Related Functions: GetImgBitmapInfo, GetImgBitmap

GetImgRes

void GetImgRes(const IMG * img, int * pw, int * ph)

This function allows you to get the horizontal and vertical resolution of an image

Return Value

None

Parameters

img

Pointer to an image of type IMG.

pw

Pointer to an integer that will contain the image horizontal resolution, given in Dots Per Inch (DPI).

ph

Pointer to an integer that will contain the image vertical resolution, given in DPI.

Example

Copy to Clipboard

Related Functions: GetImgSize

GetImgSize

void GetImgSize(const IMG * img, int * pw, int * ph)

This function allows you to get the size of an image, given in pixels.

Return Value

None

Parameters

img

Pointer to an image of type IMG.

pw

Pointer to an integer that will contain the image width in pixels

ph

Pointer to an integer that will contain the image height in pixels

Example

The following example retrieves an image size

Copy to Clipboard

Related Functions: GetImgRes

GetNbImages

int GetNbImages(const SETOFIMG * set)

Returns the number of images that a set of images contains.

Return Value

The number of images in the set

Parameters

set

A pointer to a set of images of type SETOFIMG.

Example

Copy to Clipboard

HalfSizeImg

IMG * HalfSizeImg(IMG * img)

Shrinks a bi-level image at 50% of the original size and returns the result in a grayscale image.

Return Value

A pointer to a new IMG object. If the function fails, the return value is NULL.

Parameters

img

Pointer to an image of type IMG.

Comments

The original image is left unchanged. If you don't need it anymore, you have to free it by calling the FREEIMG function. This function is mainly useful when you want to display a reduced bi-level image with a good display quality.

Example

Copy to Clipboard

Related Functions: ResizeImg, ShrinkImg

InsertImage

int InsertImage(SETOFIMG * set, int index, IMG * image)

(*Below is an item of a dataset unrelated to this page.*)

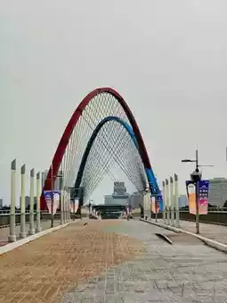 As dusk settles, make your way to the nearby Expo Music Fountain Park (3-1 Doryong-dong). Grab a spot along the riverbank for their signature evening fountain show—multicolored lights flicker on sprays that rise and fall in time with the music, with the bridge forming a dreamy backdrop for photos. If it’s cloudy and rainy (like on my visit!), don’t worry—it adds a dramatic flair to the park’s modern landscape and reflections on the water!

Inserts an image in a set of image at a given position.

Return Value

If the function fails, a nonzero value is returned.

Parameters

set

A pointer to a set of images of type SETOFIMG.

index

Position of the inserted image, counted from 0.

image

Inserted image.

Example

Copy to Clipboard

Related Functions: AddImage, AddDIB

InvertImg

int InvertImg(IMG * img)

Inverts an image (black pixels becomes white and white pixels becomes black)

Return Value

If the function fails a nonzero error code is returned.

Parameters

img

Pointer to an image of type IMG.

Example

Copy to Clipboard

LoadImg

IMG * LoadImg(const char * filename)

Loads an image from a TIFF file.

Return Value

A pointer to the loaded image or NULL if the function fails.

Parameters

filename

TIFF file name

Comments

When you don't need the loaded image anymore, you have to free it by calling the FreeImg function. If you load a multiple image TIFF file, only the first image stored in the file is loaded. You have to use LoadMultipleImg for handling multiple image files.

Example

Copy to Clipboard

LoadMultipleImg

SETOFIMG * LoadMultipleImg(const char * filename)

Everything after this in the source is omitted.